For the developing world, McKillop says the priority is different. Because the healthcare infrastructure is usually so poor, his company’s focus is on providing treatments for diseases such as Aids and tuberculosis (TB). Last year AstraZeneca opened a research laboratory in Bangalore, India, specifically to find new treatments for TB.
But McKillop acknowledges that the industry has its work cut out, partly because of the regulatory backlash and because its poor reputation means governments are more likely to squeeze prices down on a global basis.
“I believe the industry has to carry out a root and branch review of how it does everything. We have to recognise the escalating cost of R&D, the pricing pressure we’re under; governments don’t want to pay us the same prices for new and innovative products.
“If we wish to continue bringing forward new products we’ve got to look for substantial efficiencies and I believe we’re going to see winners and losers emerging.”
But he denies that AstraZeneca has any plans for further mergers. “We are focused very much on organic growth. We believe that we have a very good portfolio and a very good track record in R&D. That’s the best way to improve shareholder value and, I believe, to bring new medicines to society.
He does not feel that “fat cat” salaries such as that enjoyed by his counterpart at GlaxoSmithKline (GSK), Jean-Pierre Garnier, are the cause of the industry’s declining reputation. “The industry is not as egregious as many other industries [where executive pay is concerned]. In the US, its reputation has taken a dent, but I don’t think anyone talks about big pay packets.
“The issues about the industry’s reputation are more to do with things like misrepresentation of Aids issues.
“How do pharmaceutical companies contribute to the treatment of diseases such as Aids in emerging countries?

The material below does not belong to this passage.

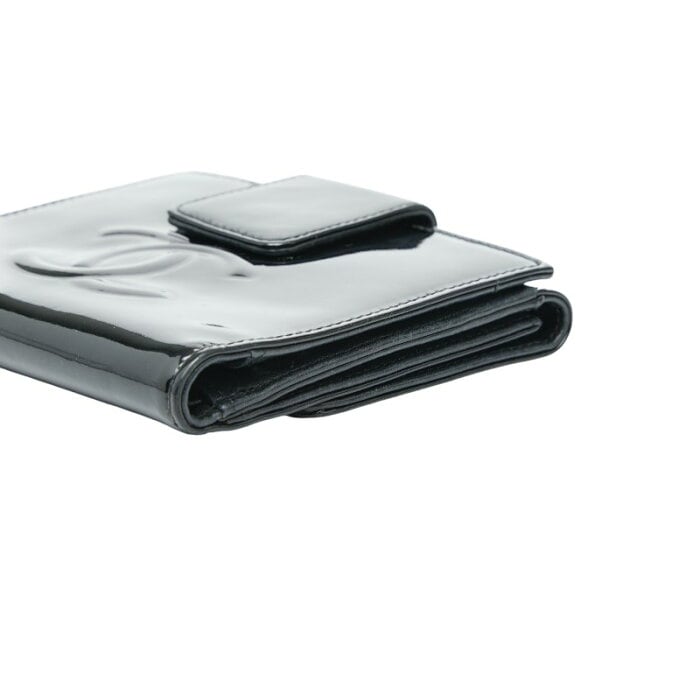 シャネル ココマーク カメリア 二つ折り財布 ブラック マルチカラー パテントレザー レディース CHANEL 【中古】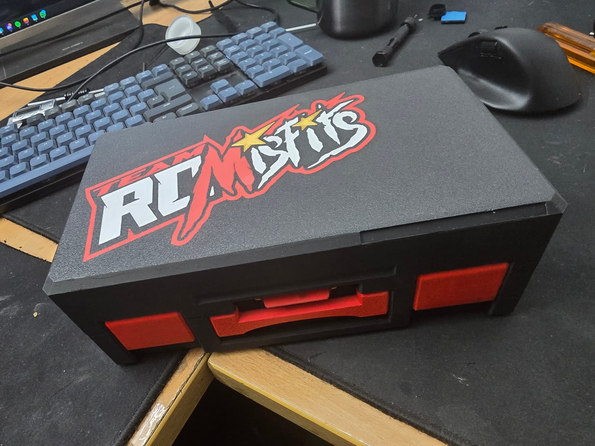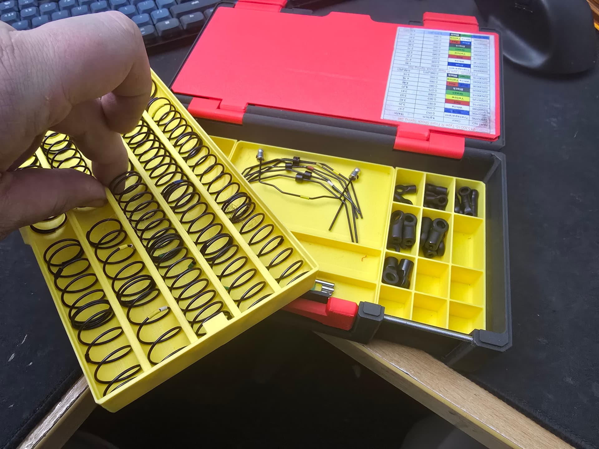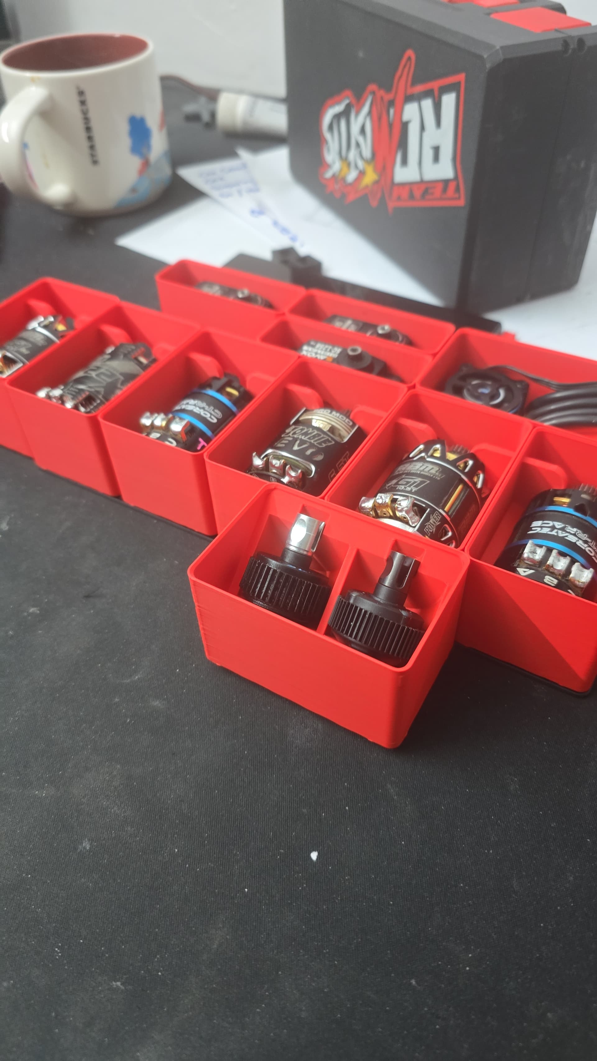 Idea is to carry all tuning parts for 1 car, inc spare diffs, shocks, spurs, pills , pistons, springs etc.

I think we have been very misrepresented over intellectual property, and there is a view that the industry is only interested in profit. Those kinds of feelings underlie the decline in the industry’s reputation. The UK is particularly besotted with this idea of salaries. I don’t think you find that anywhere else.”
Not, perhaps, the views you would expect from a “simple Scots lad”.

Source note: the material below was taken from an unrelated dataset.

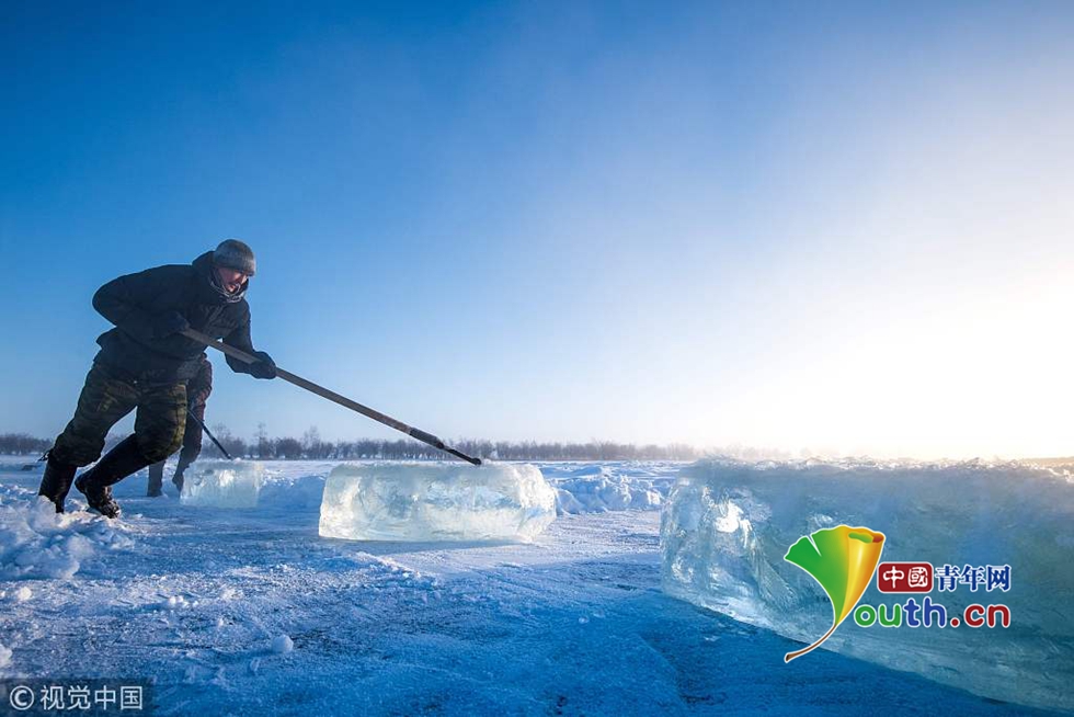 當(dāng)?shù)貢r(shí)間2018年11月27日,雅庫茨克,零下41攝氏度左右的氣溫下,村民在當(dāng)?shù)氐囊粋€湖中采集冰塊。當(dāng)?shù)睾芏嗳艘蕾囉谌诨鶋K解決供水,因?yàn)槎嗄陜鐾粮采w地區(qū)冬季氣溫極低,沒有其他的方式供應(yīng)水。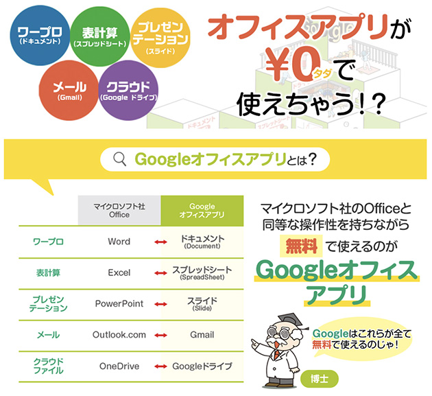 高額なマイクロソフト製のオフィスアプリとほぼ同等の機能と操作性を持ちながら、無料で使えるGoogleオフィスアプリ。この便利なアプリを使いこなしてみませんか?(小林)

MINI PROFILE: SIR TOM MCKILLOP
Sir Tom McKillop was born in Ayrshire on 19 March 1943, the son of a coal miner. He has been CEO of pharmaceutical company AstraZeneca since it was formed through an Anglo-Swedish merger in 1999. From 1993-98, he was CEO of Zeneca Pharmaceuticals, which demerged from ICI in 1993. From 1969-93 he held a variety of research roles with ICI. He is a non-executive director of Lloyds TSB and BP and pro-chancellor of the University of Leicester. He stepped down as a non-executive of Nycomed Amersham in 2000. He was educated at Irvine Royal Academy and the University of Glasgow. Married to Elizabeth, he has two daughters and one son.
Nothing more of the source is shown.